Sister of Bloody Sunday victim challenges judge's role

The sister of a teenager shot dead by British troops on Bloody Sunday is mounting a legal bid to have Northern Ireland’s top judge excluded from an Appeal Court hearing challenging a ruling to have police witnesses screened at the Saville Tribunal.

Sister of Bloody Sunday victim challenges judge's role

The sister of a teenager shot dead by British troops on Bloody Sunday is mounting a legal bid to have Northern Ireland’s top judge excluded from an Appeal Court hearing challenging a ruling to have police witnesses screened at the Saville Tribunal.

Lawyers for Mary Doherty, whose brother Gerard Donaghy, 17, was killed, want the Lord Chief Justice Sir Robert Carswell to disqualify himself as one of three judges on the grounds that his impartiality may have been compromised.

But before the issue could be raised at the High Court in Belfast today, Justice Carswell asked what was the current situation regarding Mrs Doherty’s application for legal aid to pay for the appeal hearing.

Seamus Treacy QC said the application was still being processed, but he was ready to proceed with the appeal irrespective of the decision by the legal aid authorities.

The Lord Chief Justice said in those circumstances, he proposed to adjourn the appeal even though this would delay the work of the inquiry in hearing police witnesses.

‘‘We are sorry about that,’’ he said, adding the court lists had overtaken them, and the earliest the appeal court date was April 15.

Christopher Clarke, QC, counsel to the inquiry, said he was concerned that when the case was due to be heard next month, there might be a further adjournment over the composition of the court, regarding what judges would preside.

Justice Carswell, who sat with Lord Justice McCollum today said: ‘‘I can’t say who will sit because we don’t know yet.
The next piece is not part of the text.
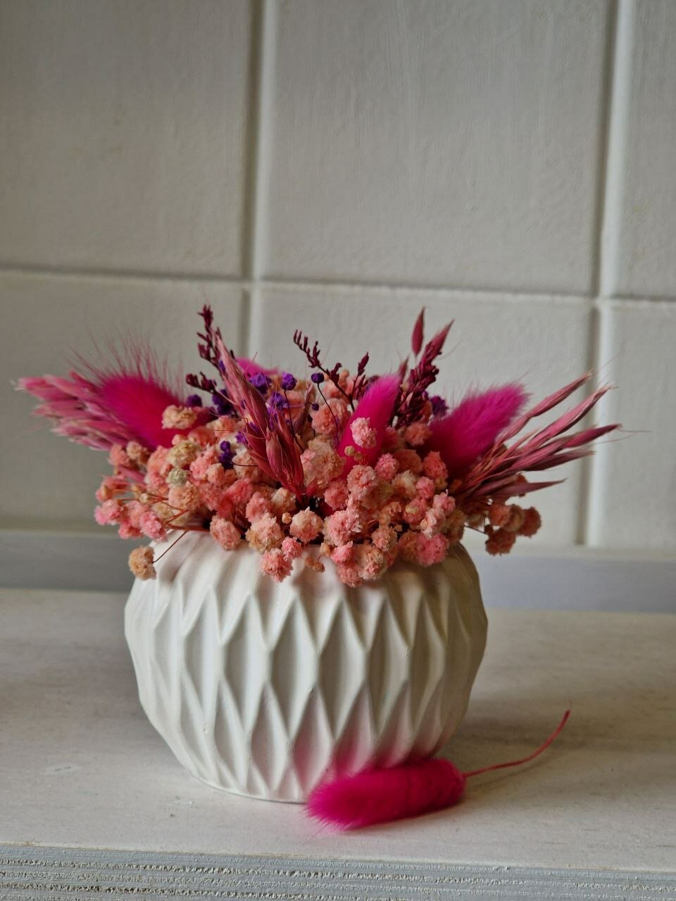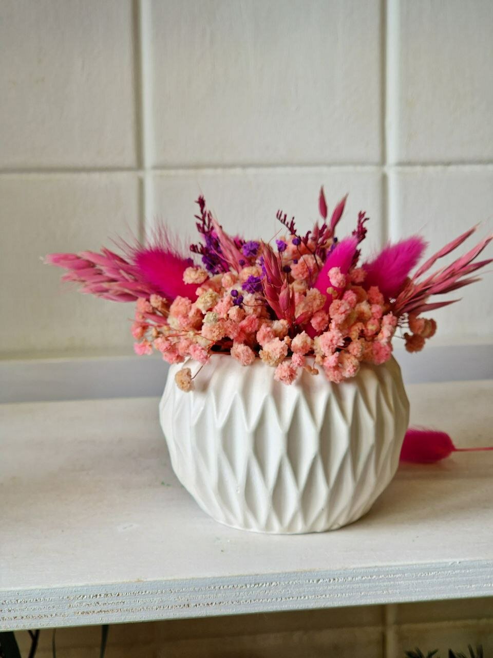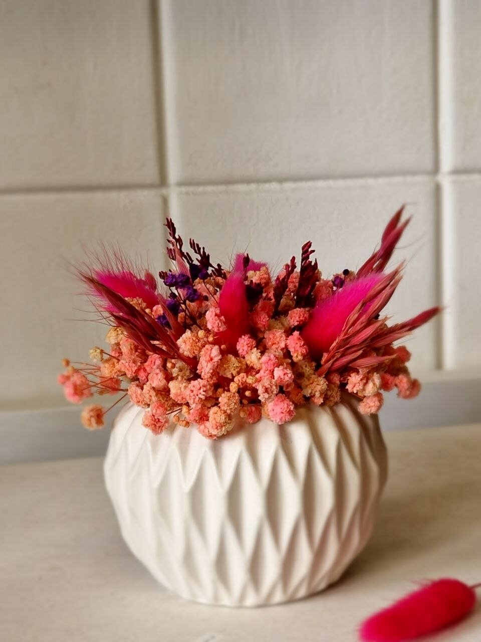 Белое кашпо с рифлеными гранями придает букету особый шарм и элегантность. Такое кашпо не только украшает букет, но и служит надежной подставкой, предотвращая его падение.

If there is an issue about composition we will deal with it, if and when it arises.’’

The challenge to the inclusion of Justice Carswell as an appeal judge relates to his role as a barrister for the Stormont ministry of home affairs at the inquest in April 1973 into the Bloody Sunday deaths.

Mrs Doherty’s lawyers intend to quote from a document containing Justice Carswell’s own record of the inquest, and will allege that this may show bias against Bloody Sunday victims.

The document was among files released by the Saville inquiry to legal teams at the Guildhall in Derry.

In the document, dated August 22 1973, the day after the inquest, Justice Carswell was sharply critical of the conduct of the Derry coroner Hubert O’Neill, describing his expressions of sympathy with the relatives of the dead as ‘‘perhaps somewhat fulsome in all the circumstances’’.

The document quotes Justice Carswell objecting to the coroner’s description of the killings following the jury’s open verdict as ‘‘sheer, unadulterated murder’’.

Justice Carswell is recorded as saying the coroner’s ‘‘outburst’’ amounted to ‘‘a most reprehensible and wilful breach’’ of rules governing inquests, and suggested the effects of his remarks were that ‘‘a considerable amount of painstaking preparation in order to play the inquests in the lowest key possible had been entirely nullified’’.

The lawyers are also expected to argue that the Lord Chief Justice should be excluded because he acted at the inquest for the then junior home affairs minister John Taylor - now Lord Kilclooney of Armagh - who is due to give evidence at the Bloody Sunday inquiry next week.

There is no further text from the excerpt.